In C, the name of an array is essentially a pointer, a reference to a memory location, and so the expression array[n] refers to a memory location n-elements away from the starting element. This means that the index is used as an offset. The first element of the array is exactly contained in the memory location that array refers (0 elements away), so it should be denoted as array[0]. Most programming languages have been designed this way, so indexing from 0 is pretty much inherent to the language.
However, Dijkstra explains why we should index from 0. This is a problem on how to denote a subsequence of natural numbers, say for example 1,2,3,...,10. We have four solutions available:
a. 0 < i < 11
b. 1<= i < 11
c. 0 < i <= 10
d. 1 <= i <= 10
Dijkstra argues that the proper notation should be able to denote naturally the two following cases:
The subsequence includes the smallest natural number, 0
The subsequence is empty
Requirement 1. leaves out a. and c. since they would have the form -1 < i which uses a number not lying in the natural number set (Dijkstra says this is ugly). So we are left with b. and d. Now requirement 2. leaves out d. since for a set including 0 that is shrunk to the empty one, d. takes the form 0 <= i <= -1, which is a little messed up! Subtracting the ranges in b. we also get the sequence length, which is another plus. Hence we are left with b. which is by far the most widely used notation in programming now.
Now you know. So, remember and take pride in the fact that each time you write something like
for( i=0; i<N; i++ ) {
sum += a[i];
}
you are not just following the rules of language notation. You are also promoting mathematical beauty!
here
In assembly and C, arrays was implemented as memory pointers. There the first element was stored at offset 0 from the pointer.
In C arrays are tied to pointers. Array index is a number that you add to the pointer to the array's initial element. This is tied to one of the addressing modes of PDP-11, where you could specify a base address, and place an offset to it in a register to simulate an array. By the way, this is the same place from which ++ and -- came from: PDP-11 provided so-called auto-increment and auto-decrement addressing modes.

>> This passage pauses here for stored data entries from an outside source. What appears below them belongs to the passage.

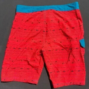 Carbon board shorts. Red and blue. Sharks and bone pattern.
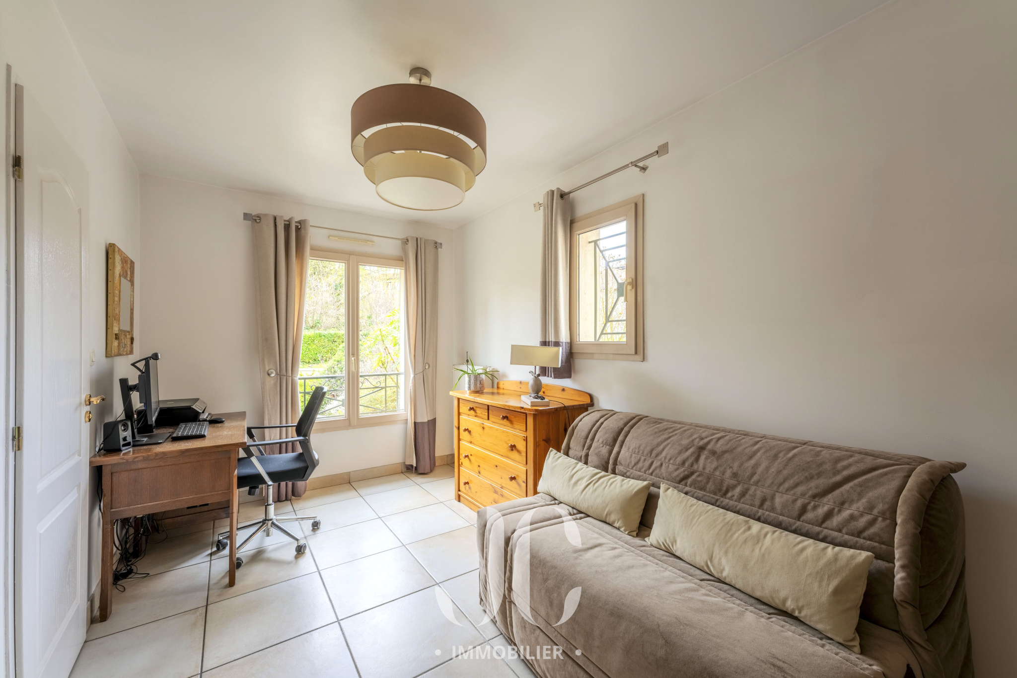 L’agencement offre une véritable vie de plain-pied avec deux chambres, dont une suite avec dressing et salle de bains. À l’étage, trois chambres supplémentaires, une salle de bains et une élégante mezzanine composent un espace nuit confortable et parfaitement distribué.
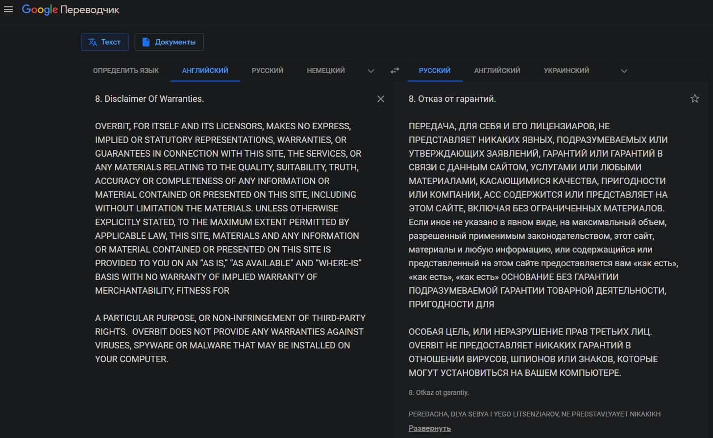 Завершаются же условия сотрудничества у проходимцев Овербит вполне стандартно и ожидаемо, а именно банальным и типичным отказом от ответственности перед наивной клиентурой за их потери на данном мошенническом сайте. На изображении, расположенном ниже, вы можете наглядно увидеть окончание подвального сайта аферистов Overbit.
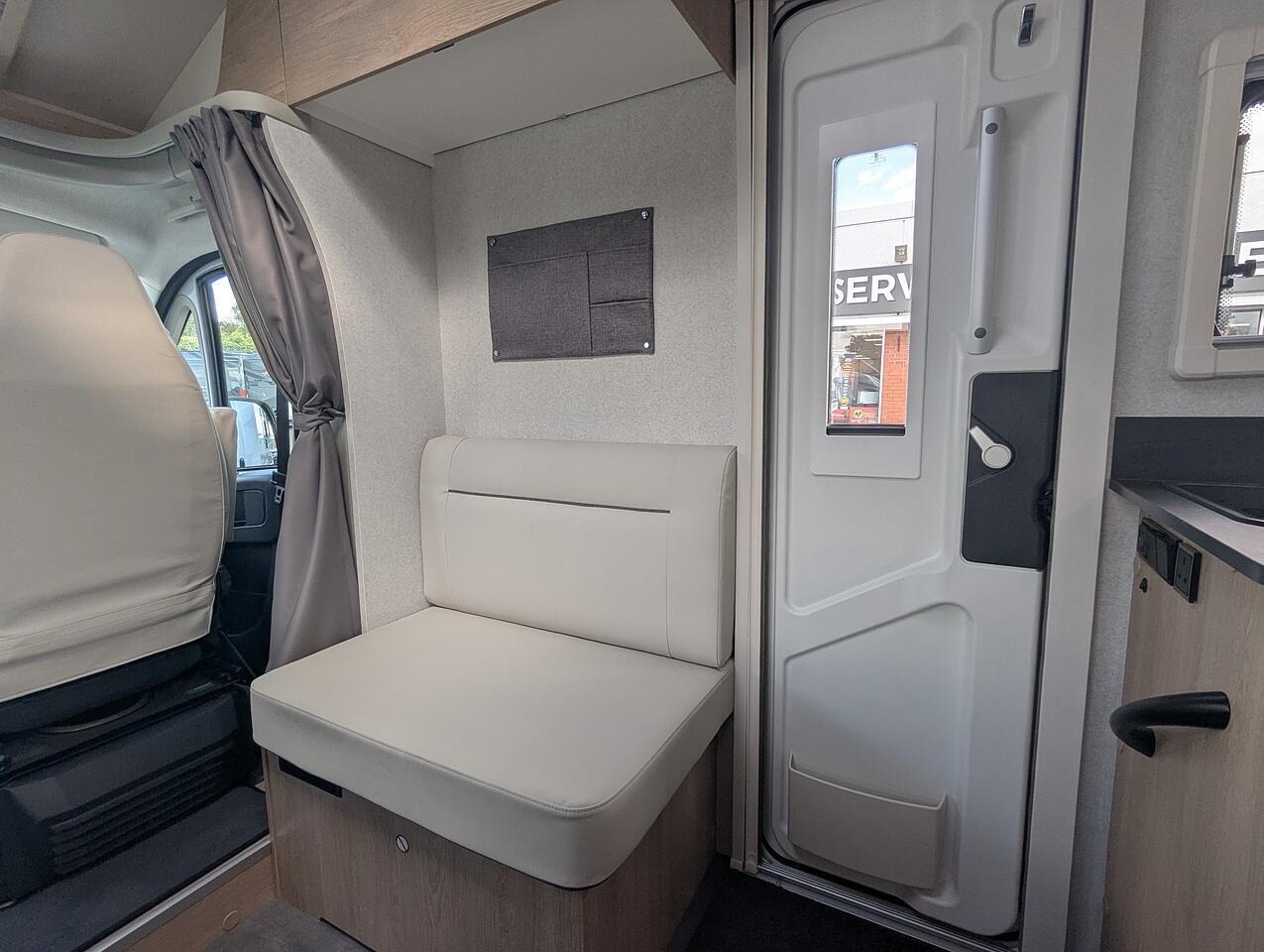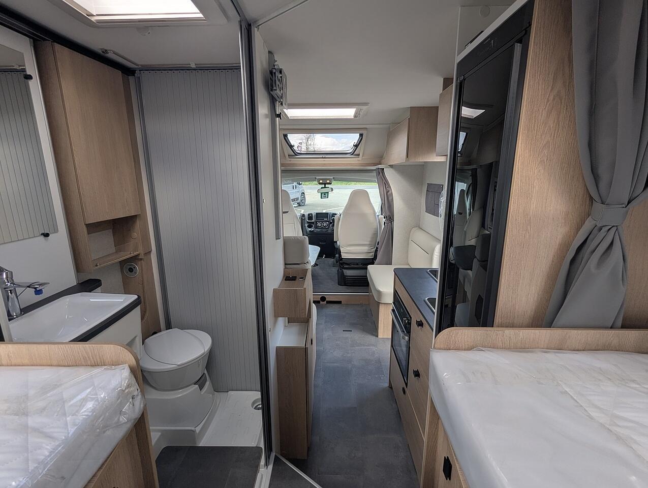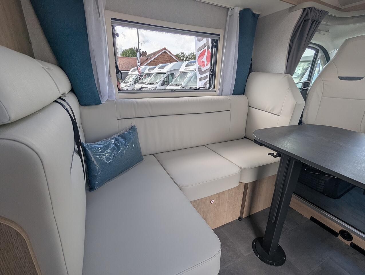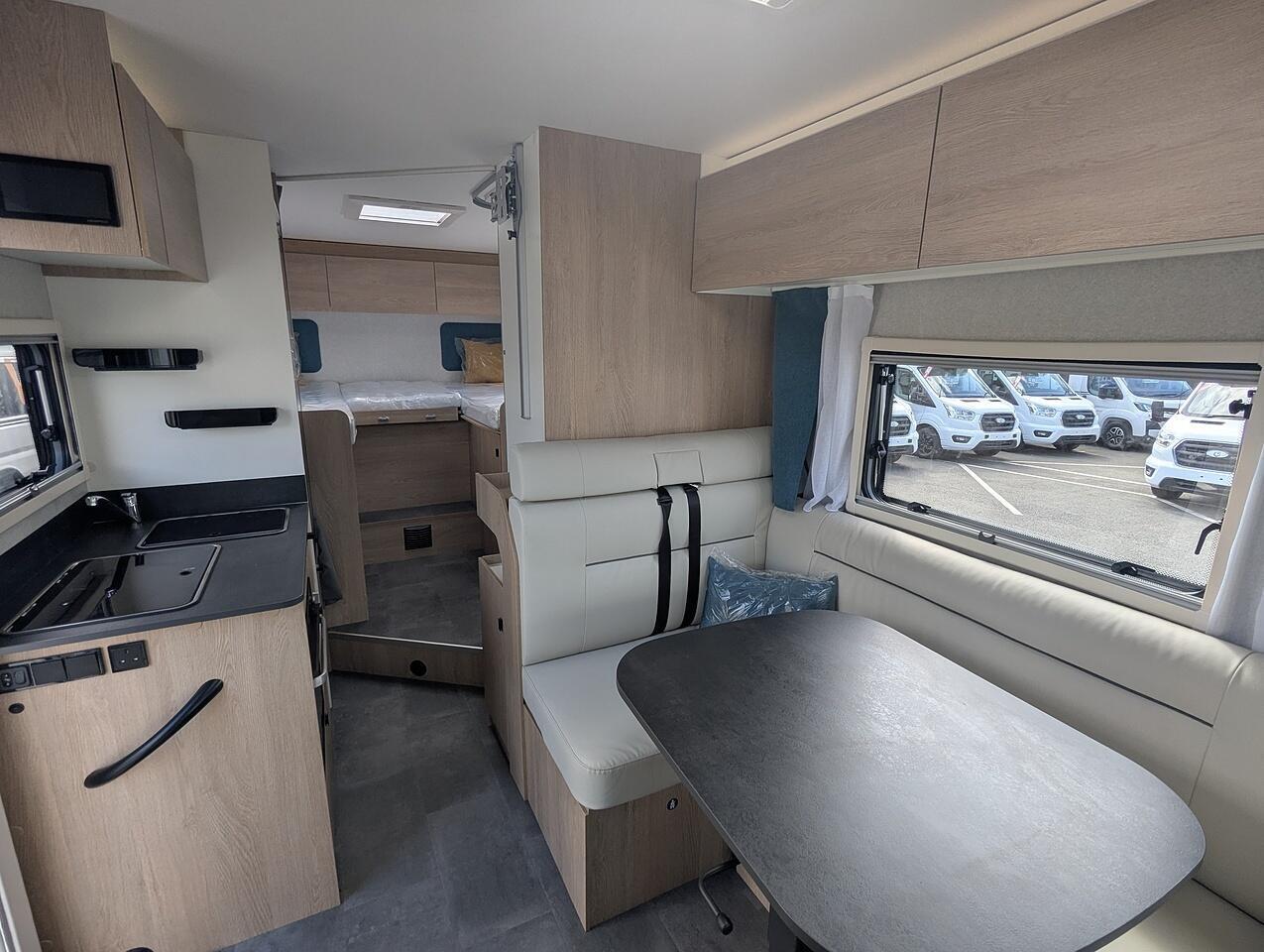 Finishe in white with gloss black alloy wheels. Extras include, Truma Combi 6EH heating system, Front sleeping arrangemnet, Oven, Cell Carpets, Heated and insolated waste water tank, Bike Rack for 2 bikes, Decrotive pillows, 22" Full HD TV & WiFi Antenna.
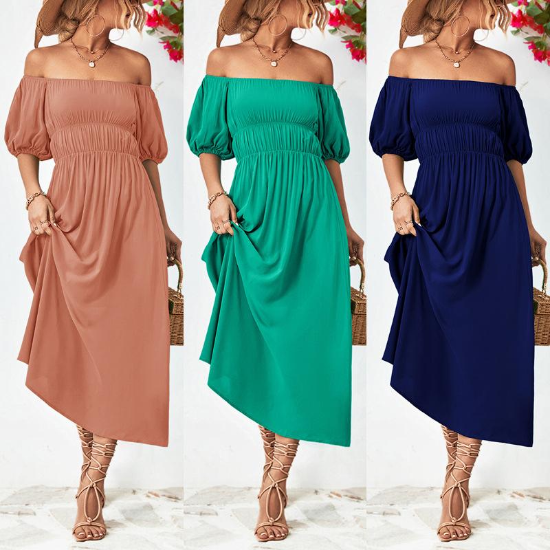 2023 Nuevo Amazon Estación Independiente Ventas Calientes eBay Explosiones Transfronterizo Europeo y Americano Vestido de Hombro Descubierto para Mujer
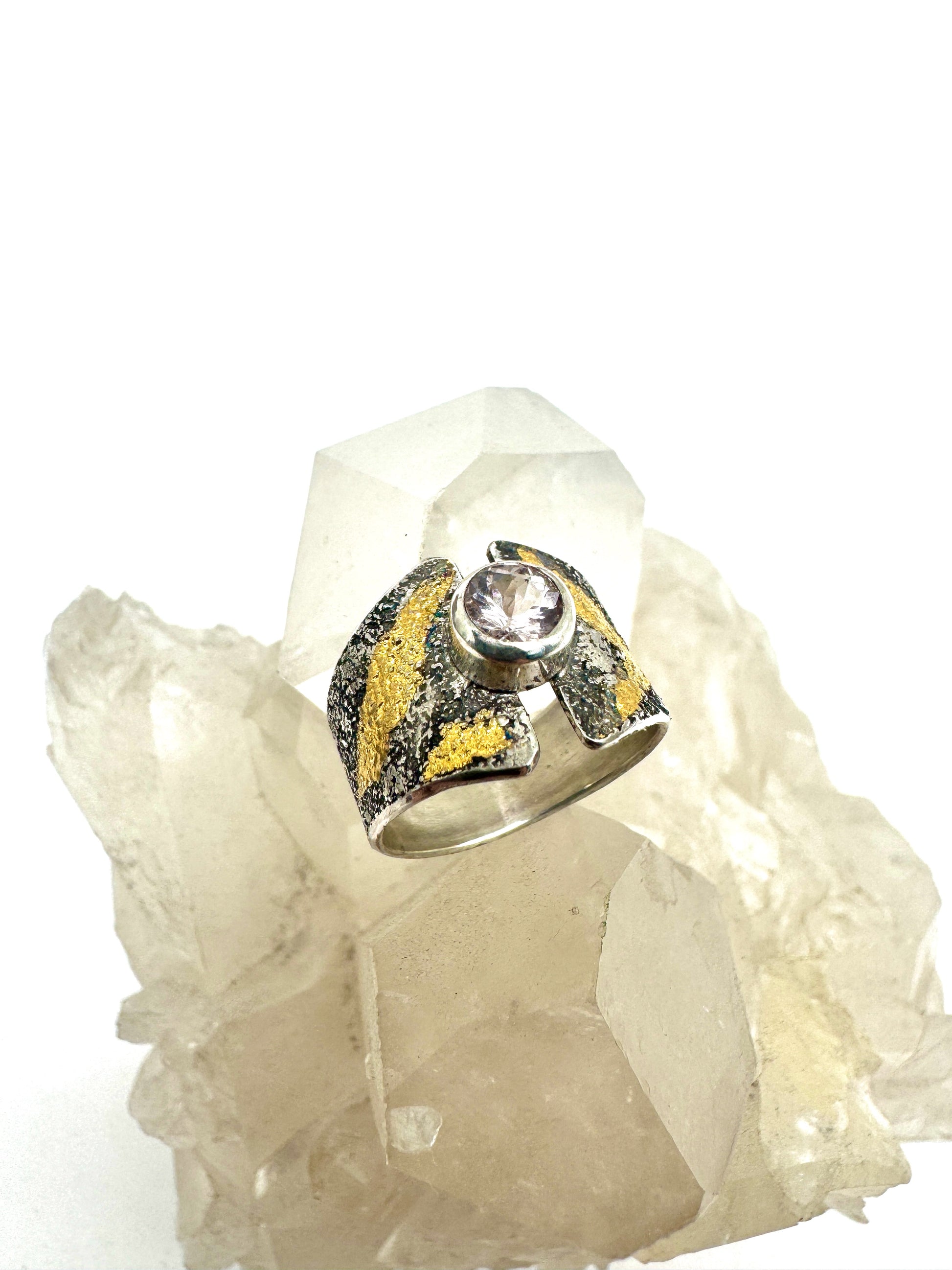a luscious pastel pink Morganite set in a textured and antiqued sterling silver butterfly band with fused 24k gold, size 5.5

P.S. I think Pascal used 1 by default; generally, you were allowed to specify the range of your array explicitly, so you could start it at -10 and end at +20 if you wanted.
Suppose you can store only two bits. That gives you four combinations:
00 10 01 11 Now, assign integers to those 4 values. Two reasonable mappings are:
00->0
01->1
10->2
11->3
and
11->-2
10->-1
00->0
01->1
(Another idea is to use signed magnitude and use the mapping:
11->-1 10->-0 00->+0 01->+1)
It simply does not make sense to use 00 to represent 1 and use 11 to represent 4. Counting from 0 is natural. Counting from 1 is not.